The cleanLongWords() function presented in this page can be used to
clean text with multiple consecutive characters and long words in PHP. Useful to clean texts that users add in input text fields or textarea.
By default, the function allows maximum 2 consecutive repetitions of characters in words, but not affects the numbers, and split the word to maximum 23 characters.
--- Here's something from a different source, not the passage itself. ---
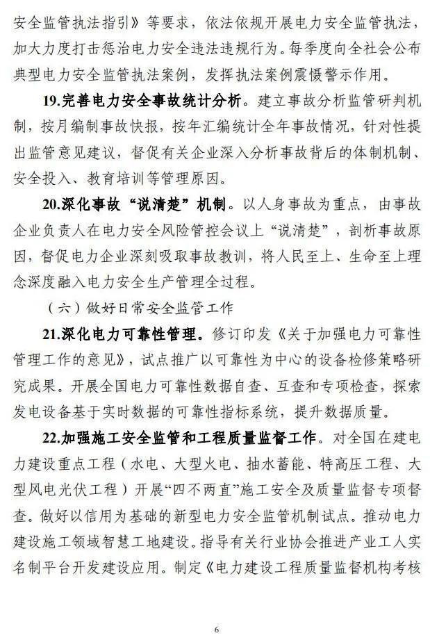 加強(qiáng)施工安全監(jiān)管和工程質(zhì)量監(jiān)督工作。對(duì)全國(guó)在建電力建設(shè)重點(diǎn)工程(水電、大型火電、抽水蓄能、特高壓工程、大型風(fēng)電光伏工程)開展“四不兩直”施工安全及質(zhì)量監(jiān)督專項(xiàng)督查。做好以信用為基礎(chǔ)的新型電力安全監(jiān)管機(jī)制試點(diǎn)。

See the comments in code, and example below.
Code of the cleanLongWords() function
-
Click to select it.
function cleanLongWords($text, $nrchr=2, $maxword=23) {
// function to clean text with multiple consecutive characters and very long words ( https://coursesweb.net/ )
// $nrchr = allowed number of consecutive character
// $maxword = maximum word length
$paterns = array();
$chr = array('q','w','e','r','t','y','u','i','o','p','a','s','d','f','g','h','j','k','l',';','z','x','c','v','b','n','m',',','!','@','#','%','&','_','=',':','"','`','~',';','â','á','é','í','ó','ú','ý','ø','č','ć','đ','š','ž','ā','ä','ǟ','ḑ','ē','ī','ļ','ņ','ō','ȯ','ȱ','õ','ȭ','ŗ','š','ț','ū','ž','ş','î','ă',"'",'$','\^','\*','\(','\)','\{','\}','\|','\?','\.','\[','\]','\/','\\\\','\>','\<');
// uncomment next line if you want to clean consecutive numbers too
/// $chr = array_merge($chr, array('1','2','3','4','5','6','7','8','9','0'));
$n_chr = count($chr);
for($i=0; $i<$n_chr; $i++) {$paterns[$i] = '/(['. $chr[$i] .']{'. $nrchr .',}){2,}/i'; }
$text = preg_replace($paterns, '$1', $text);
// if $maxword > 0, split the word to specified number of characters
return ($maxword > 0) ? wordwrap($text, $maxword, ' ', true) : $text;
}
Example usage
<?php
// Here Add the cleanLongWords() function
$text = '\\\\\\\\\ A ttttttteeeeeeeeexxxxxxt with loooooonnnnnngggggg woooooooooooords and coooooonnnnnnsssssseeeeeeccccccuuuuuuttttttiiiiiivvvvvveeeeeee characteeeeeerrrrrrssssss [[[[[]]]]]] ///////......';
$text1 = cleanLongWords($text);
$text2 = cleanLongWords($text, 3); // allow 3 consecutive repetitions of characters
$text3 = cleanLongWords($text, 1, 0); // not consecutive characters, and not split the word
echo '$text1 - '. $text1;
echo '<br>$text2 - '. $text2;
echo '<br>$text3 - '. $text3;
?>
- Result:
$text1 - \\ A tteexxt with loonngg woords and coonnsseeccuuttiivvee characteerrss [[]] //..
$text2 - \\\\\ A ttteeexxxt with looonnnggg wooords and cooonnnssseeecccuuuttti iivvveee characteeerrrsss [[[[[]]] ///...
$text3 - \ A text with long words and consecutive characters [] /.